China cuts growth target, but no signs of mega stimulus
- China to target economic growth of 6-6.5% this year
- National People’s Congress so far shows no signs of mega stimulus announcement
- We continue to forecast a modest deceleration in GDP growth, accompanied by higher volatility in underlying activity
There were no signs of a mega stimulus to come out of China from the start of the annual National People’s Congress in Beijing. Growth expectations have been lowered, as anticipated, and targets for fiscal and credit support are modest at best. The fiscal deficit is barely rising, and policymakers are aiming for “basically stable” debt-to-GDP this year.
New growth and fiscal targets
A new growth target of 6 to 6.5% signals that policy levers will be used to keep growth above 6% this year. We remain happy with our recently revised forecast for 6.3% growth in 2019, though we suspect underlying activity may prove more volatile. From the other announced targets, it also seems that the government is, for now at least, behaving in line with our expectations for more fiscal support from the centre, rather than relying on local governments and credit growth.

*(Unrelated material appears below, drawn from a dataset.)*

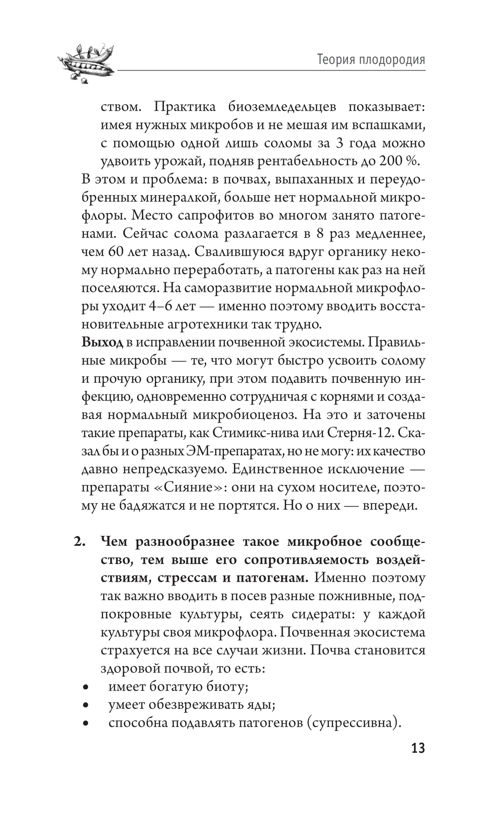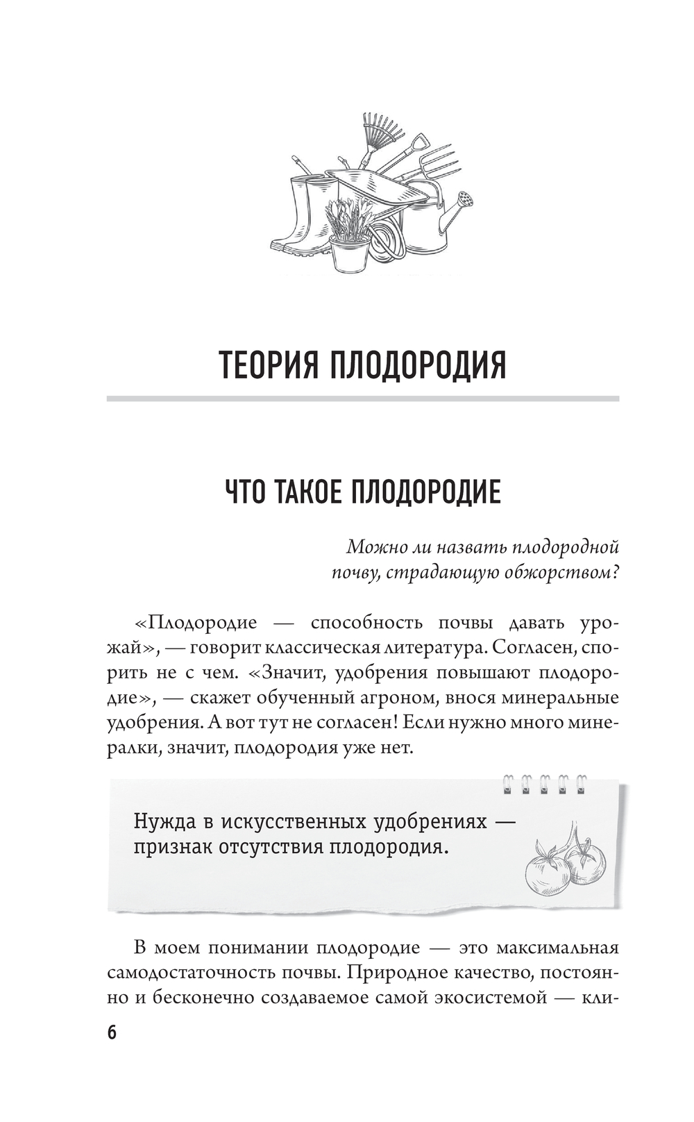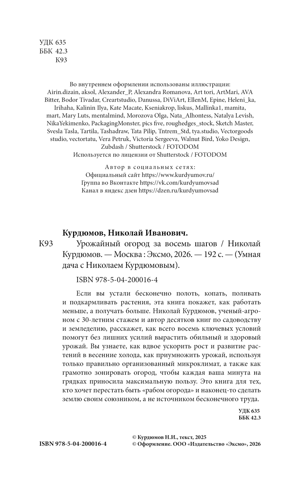Если вы устали бесконечно полоть, копать, поливать и подкармливать растения, эта книга покажет, как работать меньше, а получать больше. Николай Курдюмов, ученый‑агроном с 30‑летним стажем и автор десятков книг по садоводству и земледелию, расскажет, как всего восемь ключевых условий помогут без лишних усилий вырастить обильный и здоровый урожай. Вы узнаете, как вдвое ускорить рост и развитие растений в весенние холода, как приумножить урожай, используя только правильно организованный микроклимат, а также как грамотно зонировать огород, чтобы каждая ваша минута на грядках приносила максимальную пользу. Это книга для тех, кто хочет перестать быть "рабом огорода" и наконец-то сделать землю своим союзником, а не источником бесконечного труда.

More central fiscal support but stimulus comparatively modest
Local government bond quotas have been increased; by RMB 100 billion for general purpose bonds and RMB 800 billion for special purpose bonds, which finance infrastructure. On the face of it, this is a substantial increase in infrastructure financing. However, to an extent this reflects the reduction in shadow financing which had historically been a key part of the infrastructure story. To put things into perspective, the increase in local government bond issuance looks set to lift overall credit growth by just 0.4 percentage points this year.
Central government will be contributing RMB 2 trillion in tax cuts, including RMB 650 billion in VAT cuts. While the stated deficit target is only 0.2 percentage points above that seen in 2018, at 2.8%, the reality is likely to see a larger fiscal stimulus. The government employs a number of accounting tricks to keep the headline deficit below 3%, while in reality spending far more. All the same, the stimulus does not look to be on the scale of past rounds of easing.
Less commodity intensive stimulus
For now, announcements have been largely in line with our assumptions and so do not materially alter our forecast. We continue to expect a modest slowdown in growth, a smaller stimulus package than in previous slowdown phases and, perhaps crucially for the rest of the world, a stimulus package which is less commodity intensive than we are accustomed to seeing from China.